{De l’utilité des turbulences}

Je ne vous apprends rien. Il y a dans la vie, des moments de grande turbulence. J’en ai vécu. Vous aussi. J’en vivrai à nouveau. Vous aussi, certainement. Et c’est tant mieux, même si ce n’est pas toujours très simple de faire le gros dos, et de se dire en attendant que ça passe, que « tout a une fin et qu’il en sortira forcément quelque chose ». Et pourtant. C’est si vrai.

Le problème avec les turbulences, c’est qu’au bout du tunnel, on se retrouve face à une autre version de nous. Un peu plus ceci, un peu moins cela. Plus tout à fait nous et pas encore celle qu’on voudrait être en secret.

On se dit que souvent, devenir quelqu’un d’autre, c’est partir loin, alors que souvent, devenir quelqu’un d’autre, c’est faire de minuscules aménagements avec soi-même. Avec la vie.

Pour devenir quelqu’un d’autre je suis d’abord partie loin, il était déjà tard dans ma vie, mais avant j’avais trop de choses à faire et le « moi un peu navrant »avec lequel je cohabitais, me paraissait suffisant. Je multipliais les maladies auto-immunes pour lesquelles j’étais toujours « bien trop jeune encore »et à chaque mutation elles disparaissaient sans jamais revenir. Je ne savais pas lire les signaux.
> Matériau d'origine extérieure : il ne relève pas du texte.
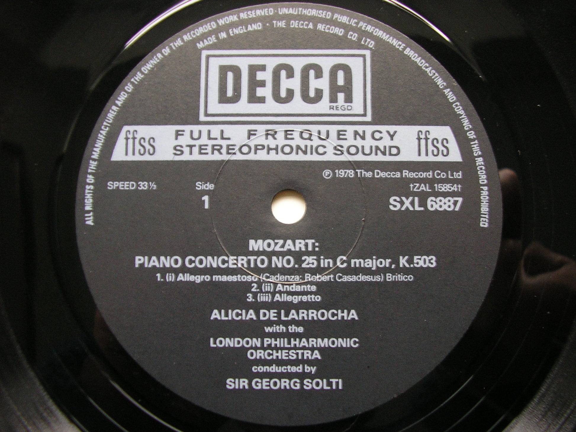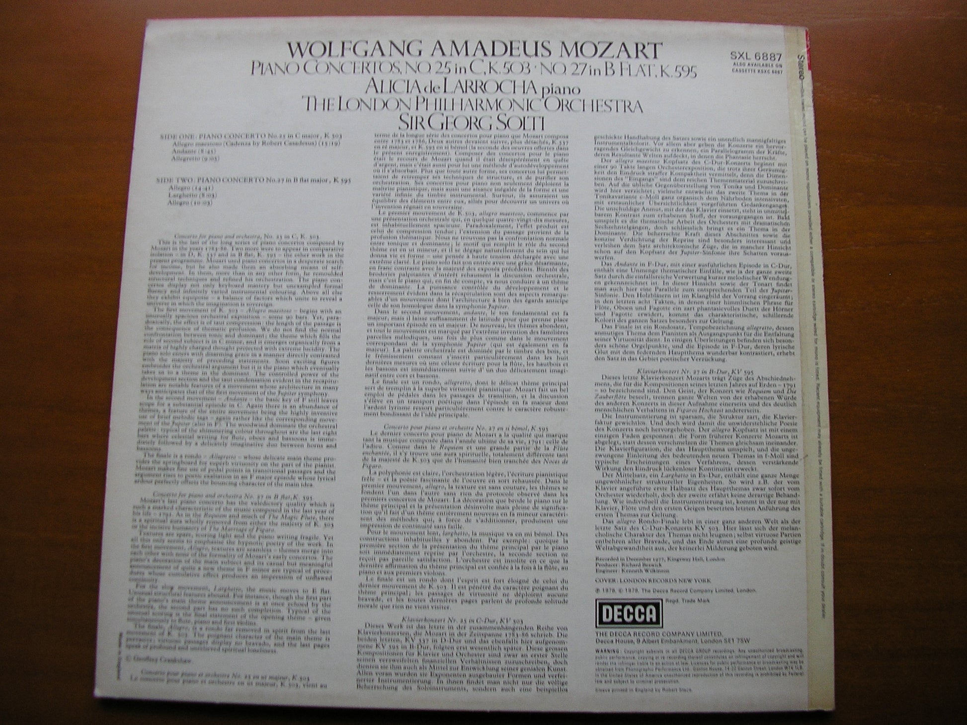 SXL 6887  MOZART: PIANO CONCERTOS K503 & K595      ALICIA DE LARROCHA / LONDON PHILHARMONIC ORCHESTRA / SIR GEORG SOLTI
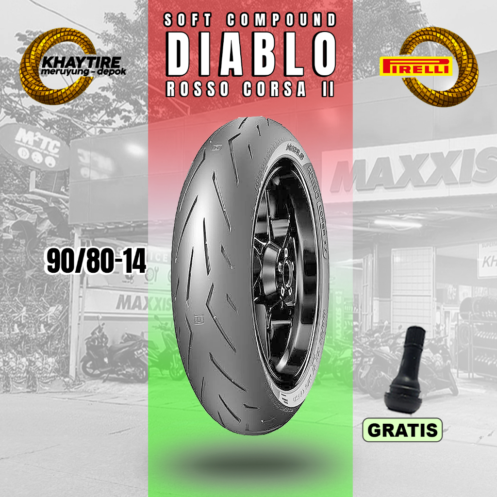 Ban Motor Matic Soft Compound PIRELLI DIABLO ROSSO CORSA II 90/80 Ring 14 Tubeless
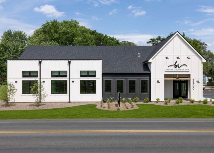 Progress Studio Architecture and Interior Design designed the Blythe Robbins DDS Clinic in Connersville, Indiana, blending modern farmhouse aesthetics with a welcoming interior to create a calm, efficient dental practice.

C’est là-bas, au Cambodge, que les premiers signaux me sont apparus. Je crois qu’ils ont implosé, se sont défragmentés pour me guider jusqu’à aujourd’hui. Il parait que l’Asie fait souvent cet effet. Inutile de vous dire que bien sûr je n’y croyais pas vraiment. Je me suis tout de suite rendue compte qu’il se passait quelque chose, je faisais de minuscules arrangements avec ma vie. C’était à ce niveau là. Et même ici. J’ai suivi le fil, l’ai enroulé sur lui même et j’ai continué. Durant tout ce temps j’ai appris quelques leçons (le plus souvent par la force des choses) :

  1. On n’échappe jamais à soi-même. On a beau essayer de partir de soi, on y revient toujours et les microscopiques aménagements qu’on opère ne changent pas la donne radicalement. Enfin, pas tout de suite.
  2. Ce qui nous agace en nous reste toujours là, pas trop loin, prêt à rejaillir, et je suis persuadée que c’est aussi une force. On combat mieux ce qu’on connait.
  3. J’ai gardé de ces périodes de flou, de flottement, de transition ou de changement, de jolis souvenirs et même une créativité certaine. Je ne sais pas si c’est une déformation de mon esprit actuel mais maintenant, quand je passe par ces périodes, j’arrive à m’extraire quelques secondes (avant d’y replonger) et à faire des paris sur ce qui va en sortir.
  4. Ce qu’il en sort, n’a parfois  aucun intérêt.
  5. C’ est parfois simplement formidable (toutes proportions gardées)
  6. Il faut un peu de temps avant qu’on puisse en cueillir les fruits, mais la plupart du temps, ça vaut vraiment le coup.
  7. Même si ça fait mal.

Et vous qu’avez-vous fait pour devenir vous ?

Post en dédicace à, elle se reconnaitra.